WORK REQUEST => In the listing that follows, find the line with "ขี่อูฐทะเลทรายหมิงซาซาน", then copy exactly from it through the line with "14. Pečet' faráře Spinky (1733 – 1745).", leaving out every picture.
::: INFORMATION :::
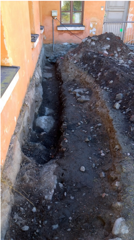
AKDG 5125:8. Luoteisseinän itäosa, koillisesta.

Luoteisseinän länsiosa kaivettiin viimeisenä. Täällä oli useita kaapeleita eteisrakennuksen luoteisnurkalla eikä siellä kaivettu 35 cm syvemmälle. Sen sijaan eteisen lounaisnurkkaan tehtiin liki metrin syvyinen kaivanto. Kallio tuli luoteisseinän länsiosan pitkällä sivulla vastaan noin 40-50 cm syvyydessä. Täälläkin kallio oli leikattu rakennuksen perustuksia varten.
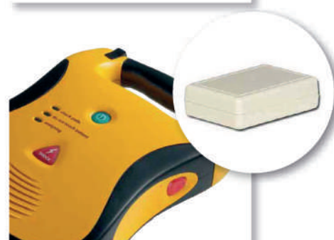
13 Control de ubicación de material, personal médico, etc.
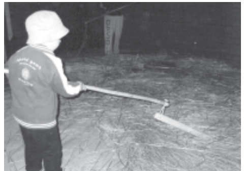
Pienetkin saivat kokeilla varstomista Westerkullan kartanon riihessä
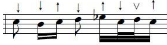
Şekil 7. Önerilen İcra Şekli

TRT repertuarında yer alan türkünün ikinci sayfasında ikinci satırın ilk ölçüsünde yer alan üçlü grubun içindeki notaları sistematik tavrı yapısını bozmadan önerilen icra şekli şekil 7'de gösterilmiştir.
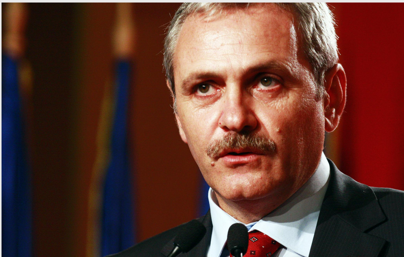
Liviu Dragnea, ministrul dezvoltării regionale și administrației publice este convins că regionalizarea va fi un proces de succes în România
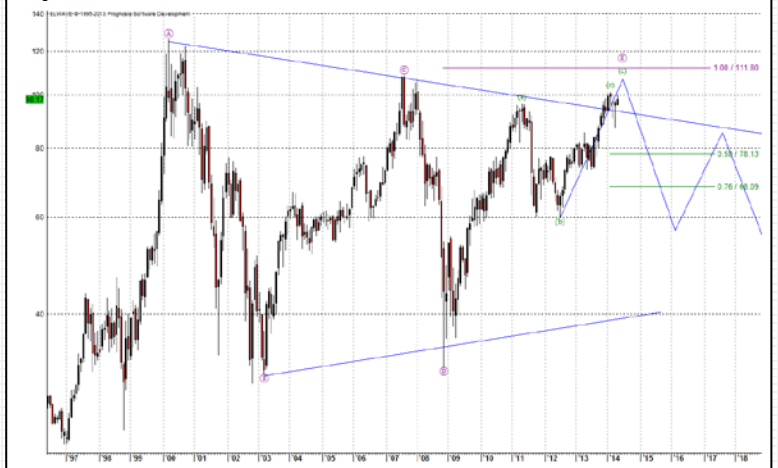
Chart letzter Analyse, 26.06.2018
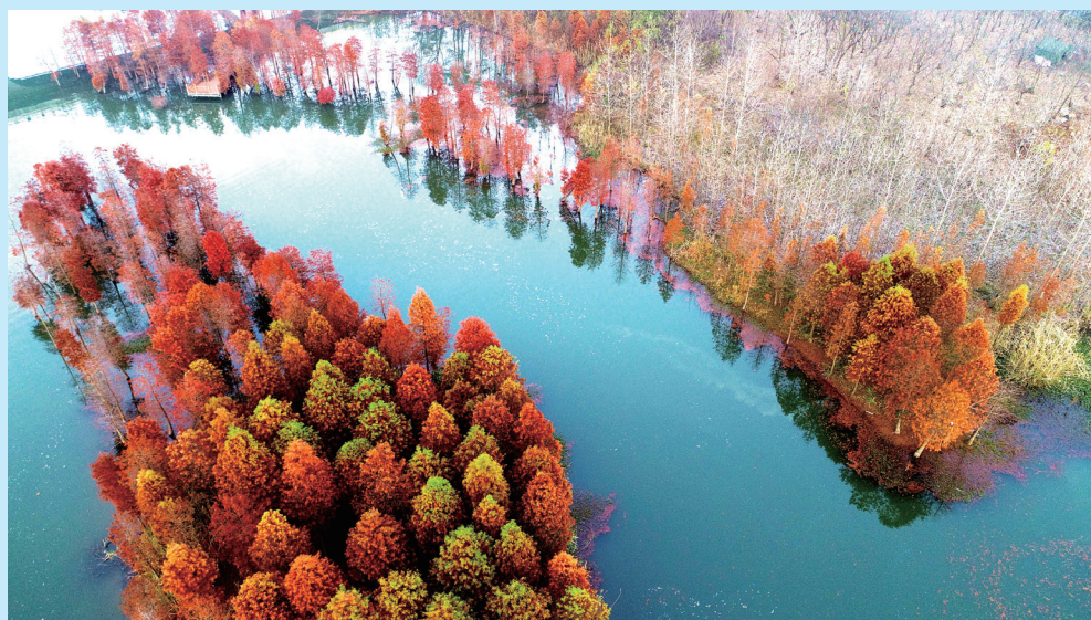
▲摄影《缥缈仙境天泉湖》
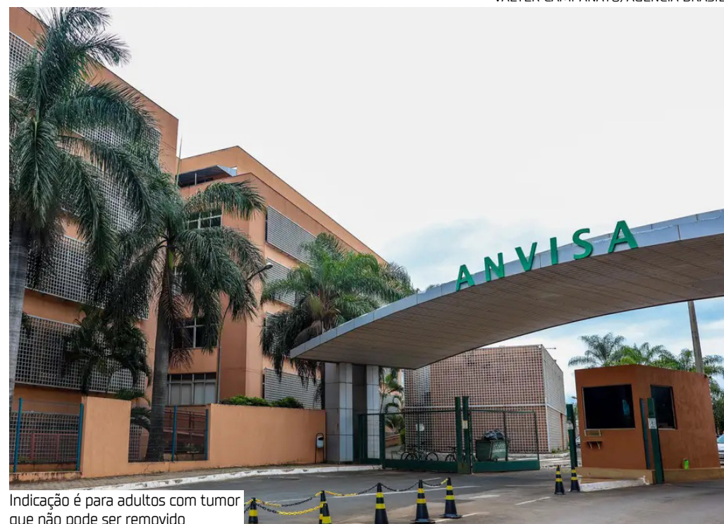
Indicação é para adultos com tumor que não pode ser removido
:::
::: INFORMATION :::
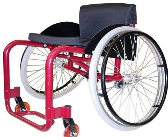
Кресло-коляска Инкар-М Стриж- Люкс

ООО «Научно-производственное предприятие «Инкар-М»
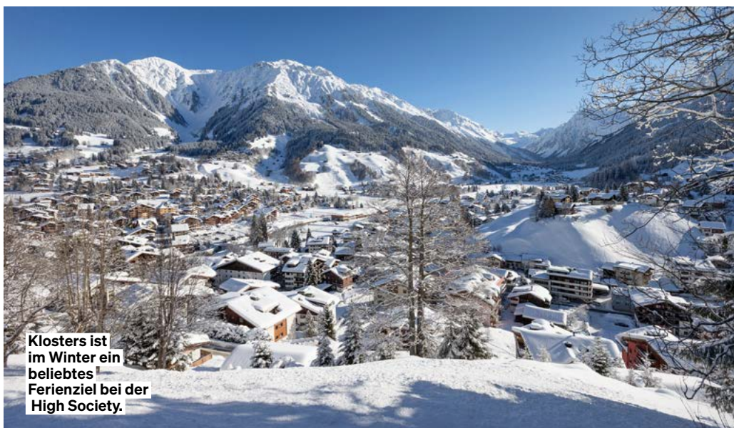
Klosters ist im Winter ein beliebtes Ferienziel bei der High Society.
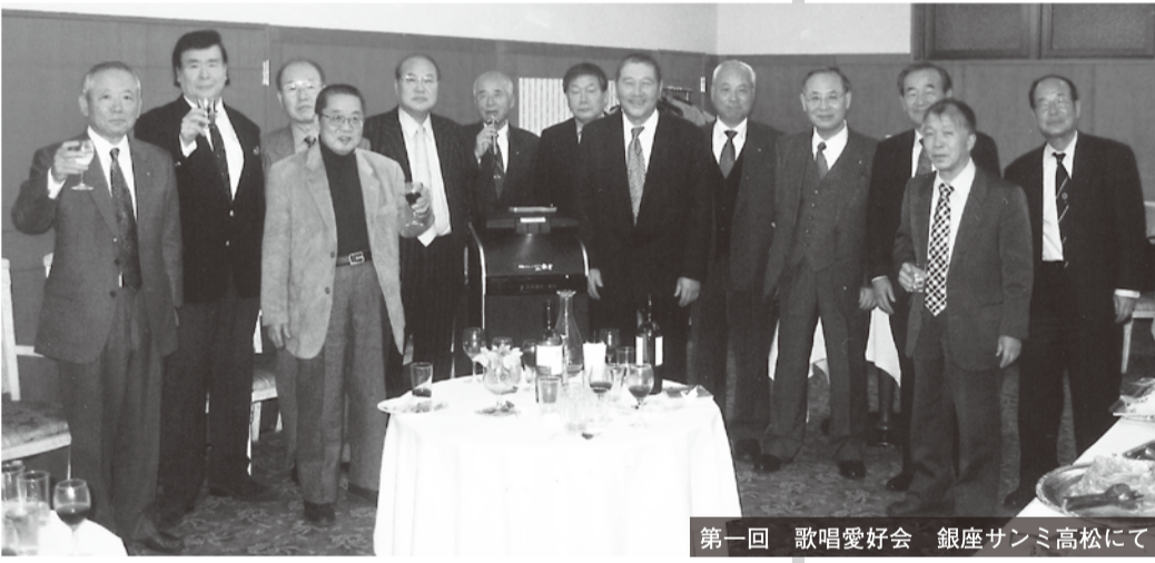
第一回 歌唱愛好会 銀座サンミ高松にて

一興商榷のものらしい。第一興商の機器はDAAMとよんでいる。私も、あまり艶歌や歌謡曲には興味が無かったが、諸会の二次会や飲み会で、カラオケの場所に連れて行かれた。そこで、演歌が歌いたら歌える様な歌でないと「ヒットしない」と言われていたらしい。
:::
::: INFORMATION :::
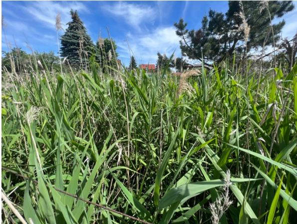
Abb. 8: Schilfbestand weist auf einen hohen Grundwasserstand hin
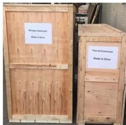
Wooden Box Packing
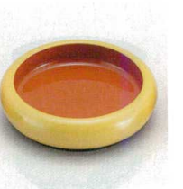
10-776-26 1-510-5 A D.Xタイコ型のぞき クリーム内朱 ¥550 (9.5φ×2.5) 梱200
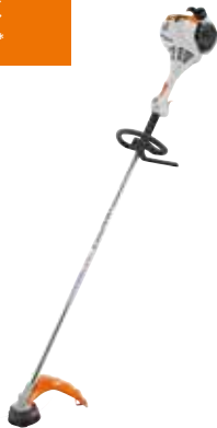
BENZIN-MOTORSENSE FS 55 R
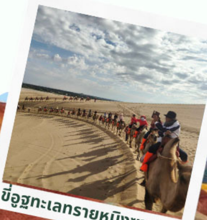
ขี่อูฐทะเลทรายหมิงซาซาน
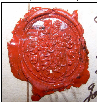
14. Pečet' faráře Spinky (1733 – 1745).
:::
TASK RESULT =>
ขี่อูฐทะเลทรายหมิงซาซาน
14. Pečet' faráře Spinky (1733 – 1745).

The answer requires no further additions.